Teenage survey results

Epilepsy Action surveyed 266 young people aged 12-20 with epilepsy to find out how they feel about living with the condition. The survey is believed to be the largest of young people with epilepsy ever carried out.

The main results were:

• Those young people who feel better informed about their epilepsy seem more able to manage the impact it has on their lives. Those who feel well-informed are more likely to be able to discuss their epilepsy with their doctor and understand why they have to take their medication. They feel better supported at school and feel their epilepsy has less of an impact on their school work. They are also more likely to feel comfortable being open about their epilepsy and are less likely to feel excluded because of it.

• A quarter (24 per cent) of young people do not feel they have enough information about their epilepsy.

• Most young people said their teacher knows they have epilepsy (81 per cent) and feel their epilepsy affects their schoolwork (72 per cent). Despite this, less than half (44 per cent) of young people feel their teacher understands what epilepsy is and only a third (39 per cent) feel well-supported at school.

• Encouragingly, most young people feel they can talk to their doctor about their epilepsy (83 per cent) and understand why it is important to take their medication (87 per cent). A third (34 per cent) feel that their doctor tends to speak to their parents instead of them but two-thirds (59 per cent) feel they have been given enough information about their condition.
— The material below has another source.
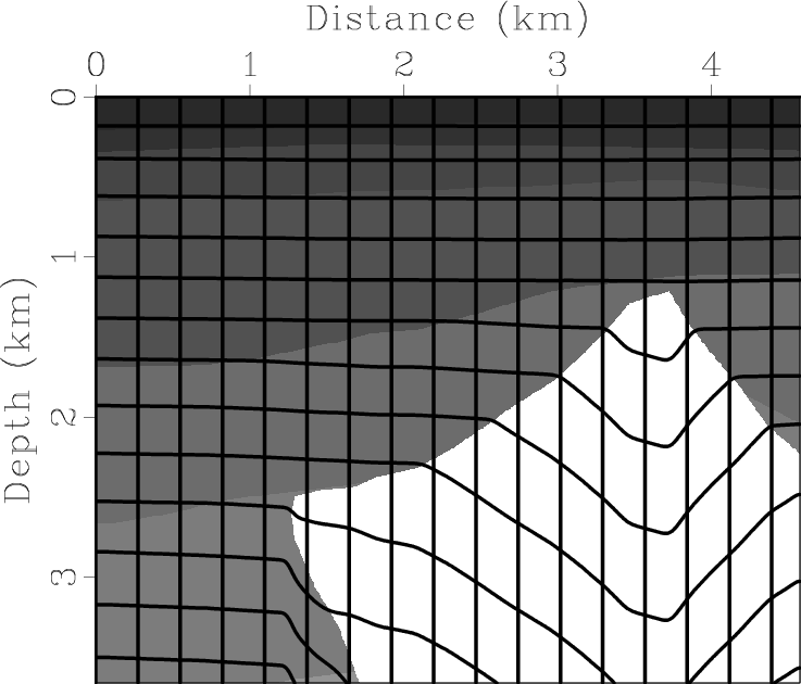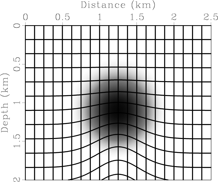 mesh is overlaid on the velocity model, a prominent ``pull-down'' near the bottom of the model is due to the slow velocity lens. By the same analogy, a ``push-up'' will appear in the

• Over half (57 per cent) of young people worry about what people will think if they tell them about their epilepsy but two-thirds (65 per cent) feel comfortable telling their friends. A third (34 per cent) of young people feel that people sometimes avoid them because of their epilepsy and half (52 per cent) said they sometimes feel excluded. Half (49 per cent) said that their friend would know what to do if they had a seizure.

• Most young people feel quite strongly that epilepsy is not going to prevent them from doing the things they want to do. They were asked to rate, on a scale of one to 10, how far they agreed with the statement “My epilepsy isn’t going to stand in the way of what I want to do in life” (where ‘10’ indicated the strongest agreement). The response was very positive, with over 60 per cent of respondents giving a rating of seven or above.